I'll be blunt here: I've encountered a lot of superficial, two-faced, catty and selfish people in pageantry---not just competitors, but also moms and directors. (It's funny---they're all nice to you after you win.) However, I've also met some of the most amazing people in the world whom I love dearly; all of my pageant roommates, fellow competitors, my sponsors and my directors (Consider this your shout out, Rocky.)
3) A sense of urgency to go back to school.
It's no secret; Miss America is the largest scholarship provider for women in the world. With the money I've won at the local, state and national level, I have a new sense of urgency to go back to school. Although I didn't see grad school as part of my immediate plan, I need to start using my state funds within a year (or two, if I get an extension) of when I was crowned. So, I'm going back to class for a little bit #ILoveCollege
(PS: Exciting announcement about my school plans coming soon)
Girls that compete in pageants often become subjected to judgemental people. This is nothing new, but I was certainly surprised by how much I was stereotyped because of my title (in both my personal and professional life).
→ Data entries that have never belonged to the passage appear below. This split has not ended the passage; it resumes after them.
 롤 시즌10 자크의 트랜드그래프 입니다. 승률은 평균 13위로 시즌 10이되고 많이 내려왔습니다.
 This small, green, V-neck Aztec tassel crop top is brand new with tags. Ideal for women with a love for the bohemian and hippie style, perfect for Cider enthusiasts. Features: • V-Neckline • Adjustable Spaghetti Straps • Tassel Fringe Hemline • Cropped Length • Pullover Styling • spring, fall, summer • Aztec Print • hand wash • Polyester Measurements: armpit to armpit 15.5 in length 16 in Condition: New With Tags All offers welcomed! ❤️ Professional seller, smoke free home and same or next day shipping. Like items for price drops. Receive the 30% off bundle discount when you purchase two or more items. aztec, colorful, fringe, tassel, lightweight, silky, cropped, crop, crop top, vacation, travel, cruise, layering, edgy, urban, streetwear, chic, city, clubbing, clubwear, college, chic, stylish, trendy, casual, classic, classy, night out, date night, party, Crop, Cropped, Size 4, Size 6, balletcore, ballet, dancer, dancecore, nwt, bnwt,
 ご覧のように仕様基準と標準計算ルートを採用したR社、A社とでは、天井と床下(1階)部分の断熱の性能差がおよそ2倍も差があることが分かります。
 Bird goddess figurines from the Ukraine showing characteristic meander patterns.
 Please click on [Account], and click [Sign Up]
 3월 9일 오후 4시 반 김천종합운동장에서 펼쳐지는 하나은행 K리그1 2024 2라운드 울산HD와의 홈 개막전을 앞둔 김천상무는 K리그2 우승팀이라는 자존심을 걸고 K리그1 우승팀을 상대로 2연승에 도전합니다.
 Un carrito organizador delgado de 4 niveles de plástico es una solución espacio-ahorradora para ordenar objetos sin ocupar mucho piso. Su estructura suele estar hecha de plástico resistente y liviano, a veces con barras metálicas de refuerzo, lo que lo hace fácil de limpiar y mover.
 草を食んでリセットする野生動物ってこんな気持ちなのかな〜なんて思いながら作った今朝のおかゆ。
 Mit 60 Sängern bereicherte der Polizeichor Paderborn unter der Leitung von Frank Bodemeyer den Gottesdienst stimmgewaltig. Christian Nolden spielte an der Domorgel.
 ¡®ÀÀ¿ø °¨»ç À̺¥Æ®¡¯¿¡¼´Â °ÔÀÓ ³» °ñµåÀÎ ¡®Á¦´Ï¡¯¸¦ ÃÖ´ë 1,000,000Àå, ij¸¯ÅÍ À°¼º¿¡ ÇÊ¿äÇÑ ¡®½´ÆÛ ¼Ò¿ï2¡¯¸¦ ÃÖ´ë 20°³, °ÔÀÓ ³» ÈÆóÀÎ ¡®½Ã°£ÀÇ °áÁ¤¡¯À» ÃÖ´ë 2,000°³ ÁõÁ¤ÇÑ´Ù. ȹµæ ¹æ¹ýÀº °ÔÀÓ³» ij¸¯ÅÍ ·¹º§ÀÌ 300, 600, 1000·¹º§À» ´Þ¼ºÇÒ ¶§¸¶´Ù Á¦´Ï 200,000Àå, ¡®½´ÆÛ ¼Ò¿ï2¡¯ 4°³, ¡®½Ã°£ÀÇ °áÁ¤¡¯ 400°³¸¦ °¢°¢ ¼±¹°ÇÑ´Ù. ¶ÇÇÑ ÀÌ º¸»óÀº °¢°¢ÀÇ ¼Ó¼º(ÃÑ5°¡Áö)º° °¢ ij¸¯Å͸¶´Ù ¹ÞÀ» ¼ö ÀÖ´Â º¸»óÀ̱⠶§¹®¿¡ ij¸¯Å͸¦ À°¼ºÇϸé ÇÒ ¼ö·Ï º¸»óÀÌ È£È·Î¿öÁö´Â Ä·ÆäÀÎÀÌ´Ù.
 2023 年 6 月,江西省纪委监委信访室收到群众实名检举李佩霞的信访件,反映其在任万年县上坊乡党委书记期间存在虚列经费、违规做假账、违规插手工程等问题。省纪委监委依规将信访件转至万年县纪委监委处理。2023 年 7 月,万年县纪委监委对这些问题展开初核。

It bothers me when people first find out I'm Miss Massachusetts and say things like "You don't seem like that type of person" or "you seem too smart for that". What does that even mean? Is it supposed to be a compliment? A bigger issue is when people make assumptions about my musical abilities because of my title. After I won, one of the restaurants I perform at wrote a congratulatory post on their website. That weekend, a man approached me after my show and told me that when he heard Miss Massachusetts was performing, he figured I'd be pretty but didn't think my performance would actually be any good. He apologized for his assumption and told me he was actually very impressed with my music and couldn't wait to come back again. Instead of being offended, I really appreciated his honesty; I had never thought of that perspective before. If one person said it, others have certainly thought it. In another instance, an audience member admitted that he assumed my repertoire would be Broadway showtunes and "not really his type", given that stereotype about pageant competitors; he later described my performance as "versatile" and "exceptional".
I try to turn these instances into a teaching moment and educate folks about the real motives and mission of the Miss America Organization. Haters are gonna hate. But most hate stems from ignorance.